Übergewicht und Bewegungsmangel sind die wichtigsten Risikofaktoren und Defekte in den Genen, die in der Blutzuckerregulierung eine Rolle spielen, erhöhen das Diabetesrisiko von vereinzelten Personen zusätzlich.
Zucker - Der Treibstoff unserer Zellen
Zucker ist der eigentliche Treibstoff für unsere Zellen und wird zusammen mit Sauerstoff und vielen anderen wichtigen Nährstoffen über das Blut transportiert. Zu viel Zucker im Blut ist giftig für die Zellen und zu wenig verhindert, dass sie ihre Funktion richtig ausführen können. Deswegen besitzt der Körper einen Mechanismus, der die Menge des Zuckers, den sogenannten Blutzuckerspiegel, genau reguliert und immer im Normalbereich hält. Wird nach einer zuckerreichen Mahlzeit viel Zucker ins Blut aufgenommen, beginnt der Körper den Zucker aus dem Blut zu filtern und ihn zu speichern. Bekommt der Körper hingegen lange nichts zu essen, holt er den Zucker wieder aus der Reserve und befördert ihn in die Blutbahn. Auf diese Weise bleibt der Blutzuckerspiegel konstant und sorgt dafür, dass alle Zellen optimal mit Treibstoff versorgt sind.
Die Zuckerkrankheit
Mit zunehmendem Alter gerät diese genaue Regulierung allmählich leider oft durcheinander und bestimmte Risikofaktoren wie Bewegungsmangel, Übergewichtigkeit oder Defekte in den Genen, die die Blutzuckerregulierung steuern, beschleunigen den allmählichen Verfall der Kontrolle. So kommt es bei manchen Menschen vor, dass der Blutzucker ansteigt, so dass er eine Vielzahl von körperlichen Beschwerden bis hin zu lebensbedrohlichen Zuständen auslöst. In diesem Fall spricht man von der Zuckerkrankheit, die unbedingt ärztlich behandelt werden sollte.

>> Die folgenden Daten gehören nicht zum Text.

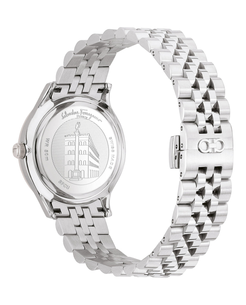 A timeless Ferragamo Timepieces best, is now relaunched with a new fashionable twist and beautiful details: Double Gancini at 8 o'clock to emphasize brand identity, a rich guilloche dial as well as trendy indexes. To complete the look a very detailed bracelet for a 24 hour use.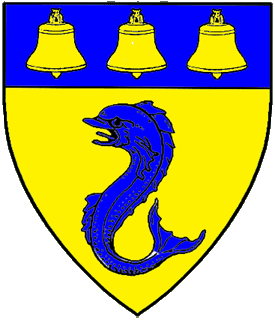 Or, a dolphin haurient and on a chief azure three bells Or.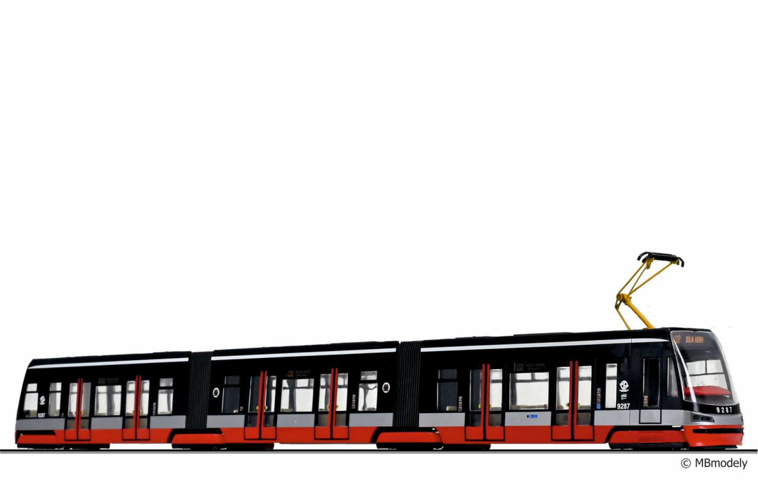 Úplne dokončený plastikový model nízkopodlažnej električky T15 Epocha VI. vo farbách pražských dopravných podnikov.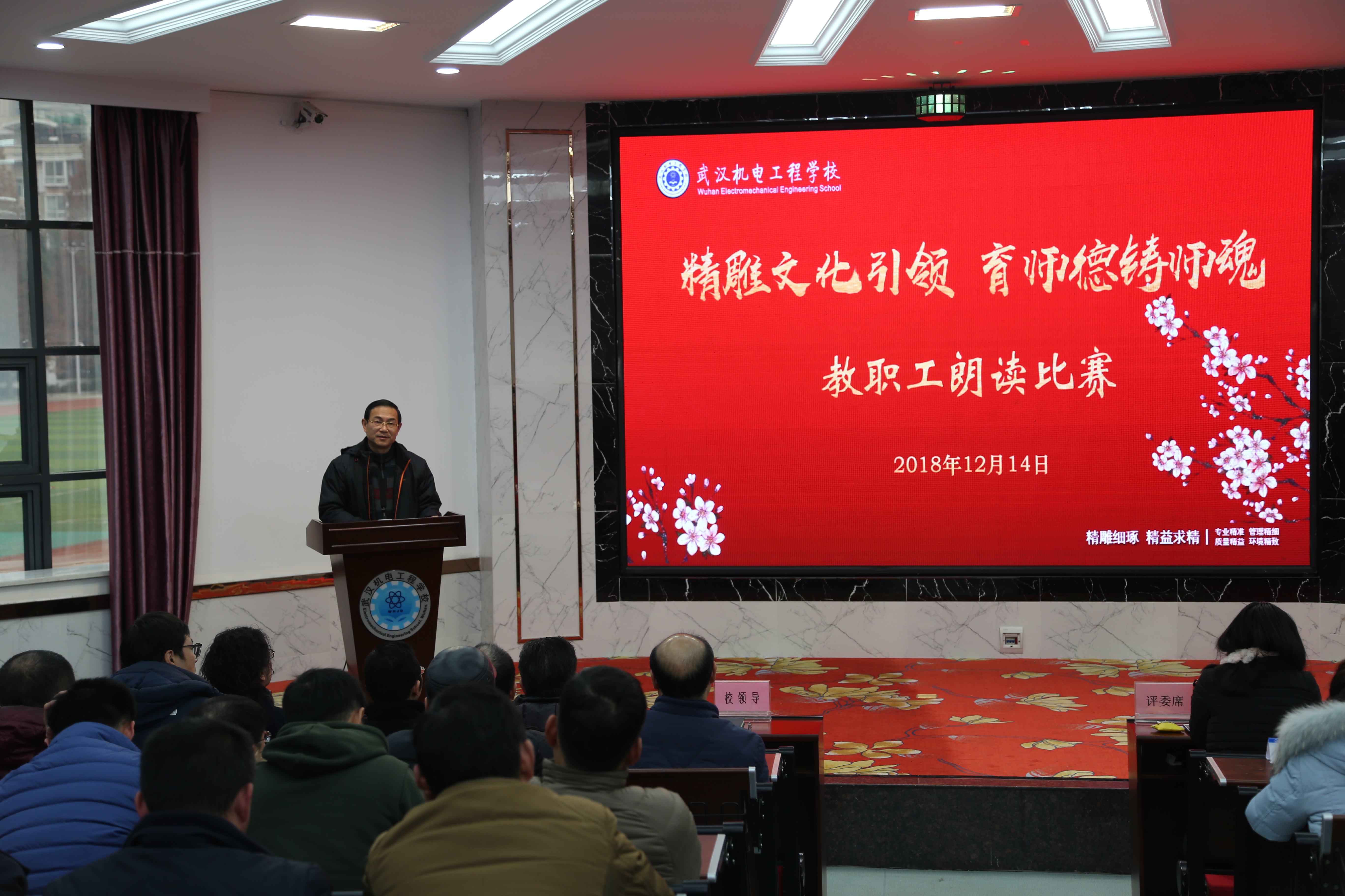为深入贯彻党的十九大精神和习近平新时代中国特色社会主义思想,弘扬“问津求真,追求卓越,立德树人”武汉教育精神,倡导我校“精雕文化”,引领广大教职工精雕细琢求发展,精益求精促质量,育师德铸师魂,提升教职工职业素养。学校语言文字办公室和校工会联合举办2018年教职工师德朗读比赛。

Mit der falschen Regulierung des Blutzuckers treten oft eine Vielzahl von Begleiterkrankungen wie Bluthochdruck, Störungen der Blutfette, Beschädigung von Gefäßen und Organen wie den Nieren bis hin zur Erblindung auf. Um Diabetikern manche der Folgekrankheiten zu ersparen, ist eine konsequente und regelmäßige Kontrolle des Blutzuckerspiegels nötig.
Risikoabschätzung durch einen Gentest
Durch die Analyse dieser Gene lässt sich das persönliche Diabetesrisiko besser einschätzen. Personen, bei denen ein hohes Diabetesrisiko festgestellt wurde, können dann besonderen Wert auf Vorsorgemaßnahmen legen, das Auftreten der Zuckerkrankheit in vielen Fällen vollkommen verhindern und gesund bleiben.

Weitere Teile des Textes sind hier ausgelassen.